Task goal
Your copy of the data should match it exactly, except that the pictures are gone.

Dataset extract

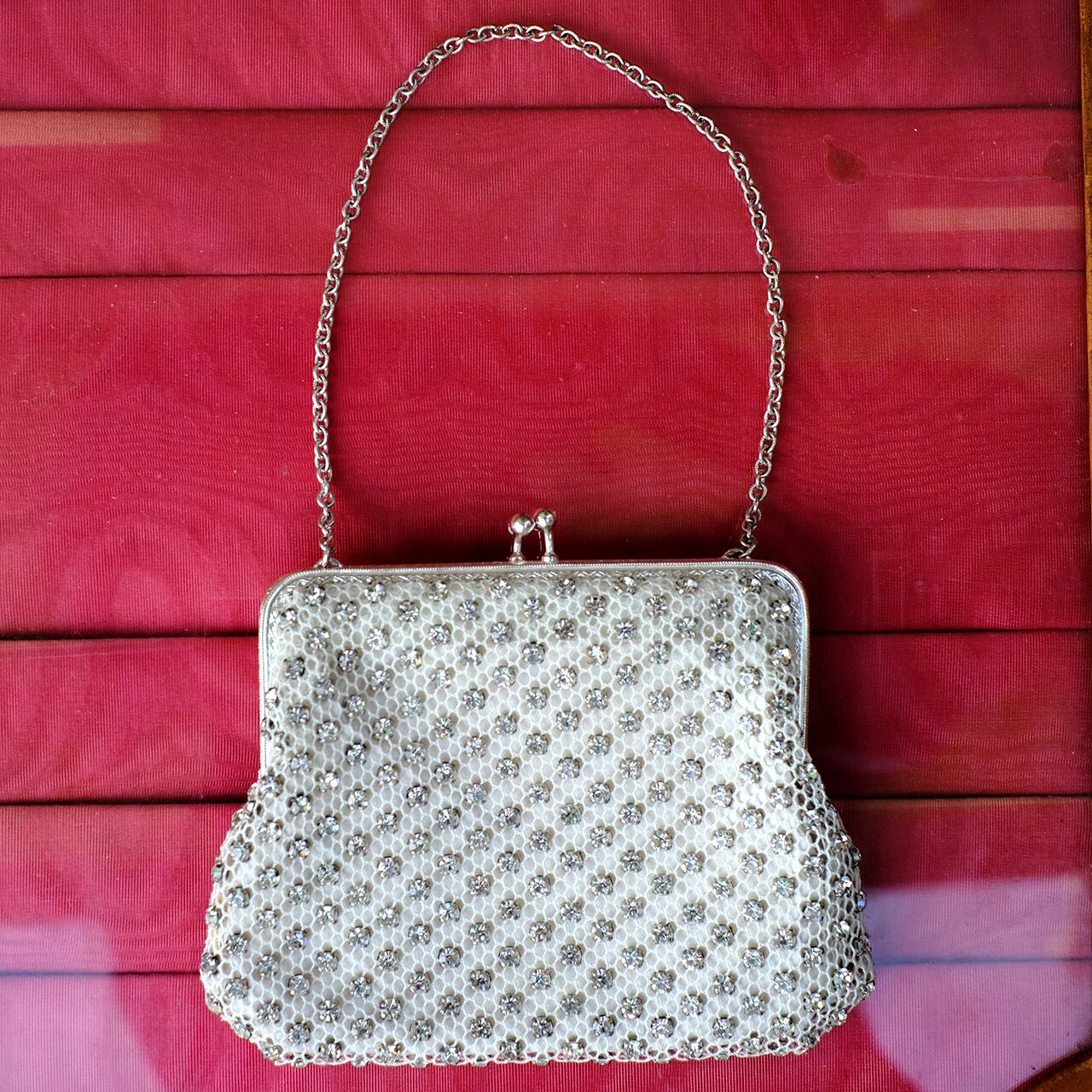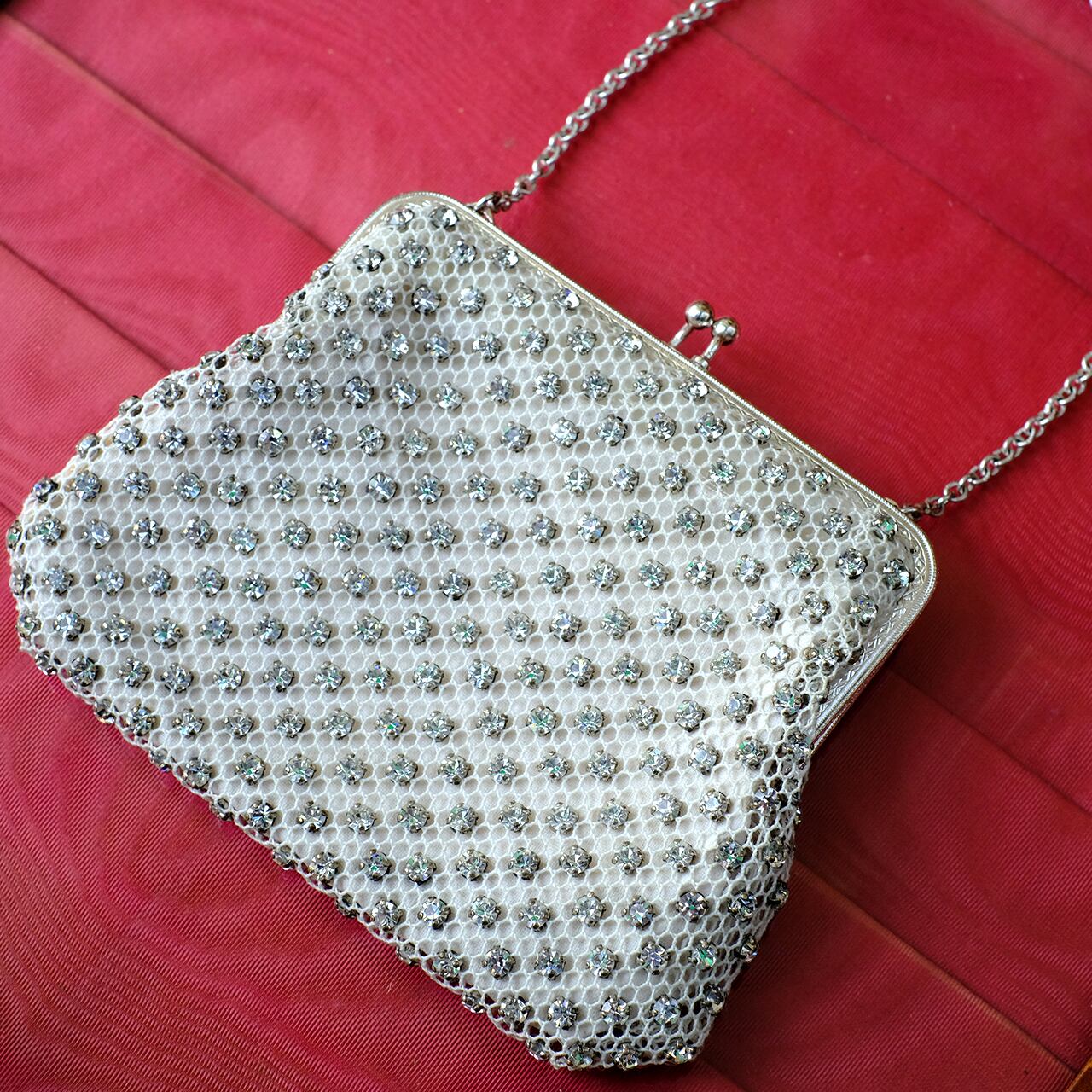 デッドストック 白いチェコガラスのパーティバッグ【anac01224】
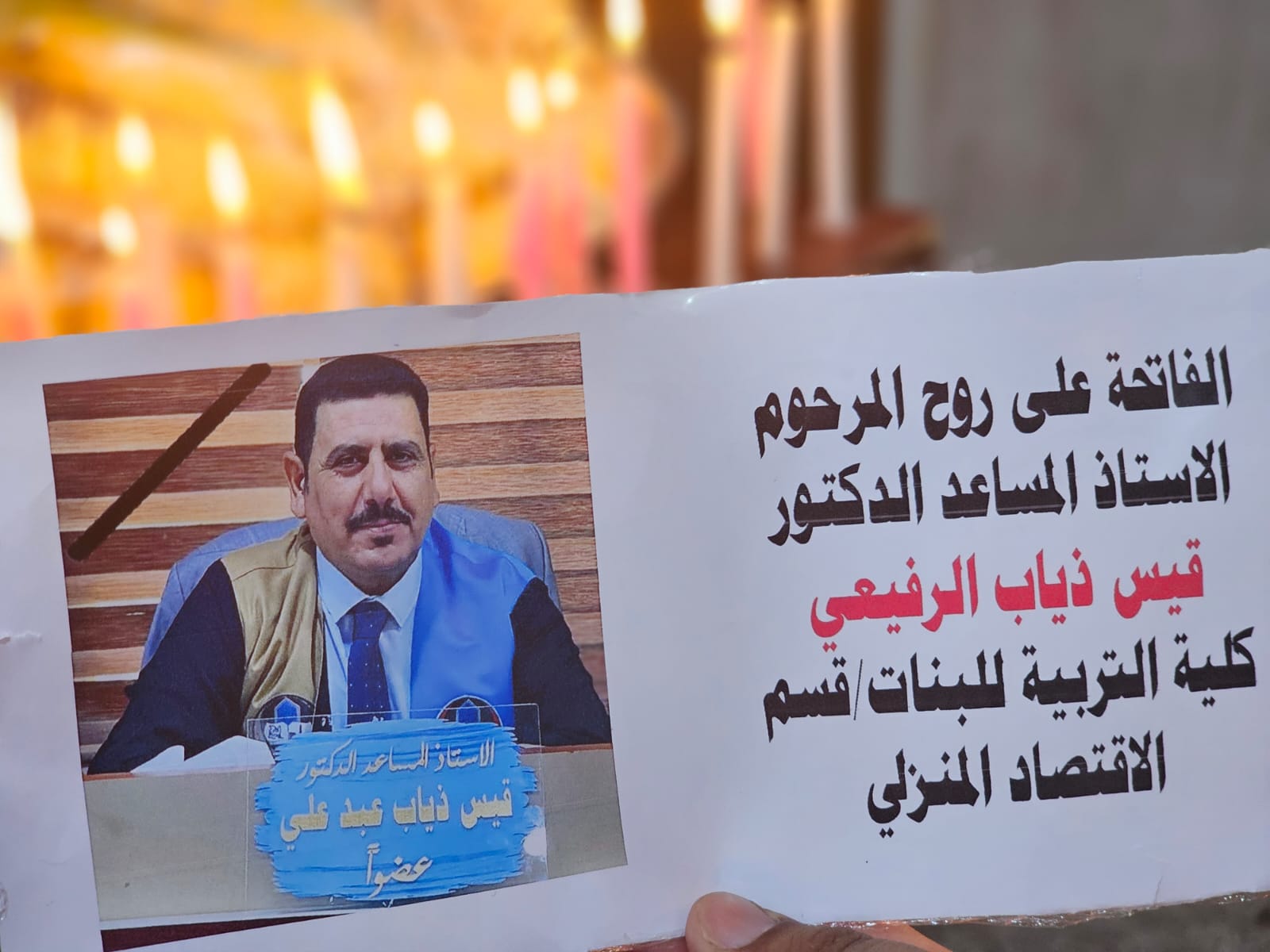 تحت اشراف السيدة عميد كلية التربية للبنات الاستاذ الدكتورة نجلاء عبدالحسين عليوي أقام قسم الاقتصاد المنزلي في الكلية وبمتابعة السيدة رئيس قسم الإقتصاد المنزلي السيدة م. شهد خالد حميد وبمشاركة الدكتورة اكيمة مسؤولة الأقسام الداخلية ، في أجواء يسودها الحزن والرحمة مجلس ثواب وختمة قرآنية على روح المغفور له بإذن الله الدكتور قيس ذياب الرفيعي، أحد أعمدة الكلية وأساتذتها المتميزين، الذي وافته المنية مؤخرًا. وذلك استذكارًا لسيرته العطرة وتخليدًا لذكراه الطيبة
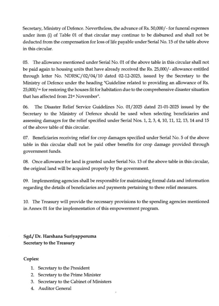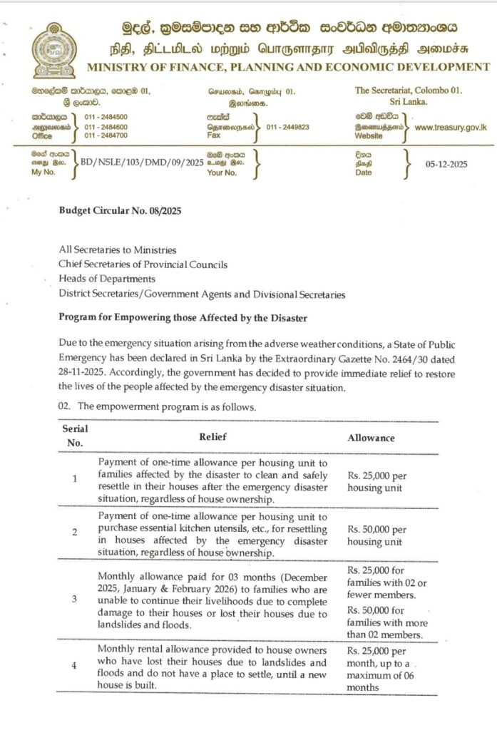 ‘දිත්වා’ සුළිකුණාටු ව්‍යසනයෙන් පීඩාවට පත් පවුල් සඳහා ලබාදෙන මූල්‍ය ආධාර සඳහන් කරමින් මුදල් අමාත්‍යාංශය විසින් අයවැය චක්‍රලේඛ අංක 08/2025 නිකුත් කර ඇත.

Solution for this exercise
 デッドストック 白いチェコガラスのパーティバッグ【anac01224】
 تحت اشراف السيدة عميد كلية التربية للبنات الاستاذ الدكتورة نجلاء عبدالحسين عليوي أقام قسم الاقتصاد المنزلي في الكلية وبمتابعة السيدة رئيس قسم الإقتصاد المنزلي السيدة م. شهد خالد حميد وبمشاركة الدكتورة اكيمة مسؤولة الأقسام الداخلية ، في أجواء يسودها الحزن والرحمة مجلس ثواب وختمة قرآنية على روح المغفور له بإذن الله الدكتور قيس ذياب الرفيعي، أحد أعمدة الكلية وأساتذتها المتميزين، الذي وافته المنية مؤخرًا. وذلك استذكارًا لسيرته العطرة وتخليدًا لذكراه الطيبة
 ‘දිත්වා’ සුළිකුණාටු ව්‍යසනයෙන් පීඩාවට පත් පවුල් සඳහා ලබාදෙන මූල්‍ය ආධාර සඳහන් කරමින් මුදල් අමාත්‍යාංශය විසින් අයවැය චක්‍රලේඛ අංක 08/2025 නිකුත් කර ඇත.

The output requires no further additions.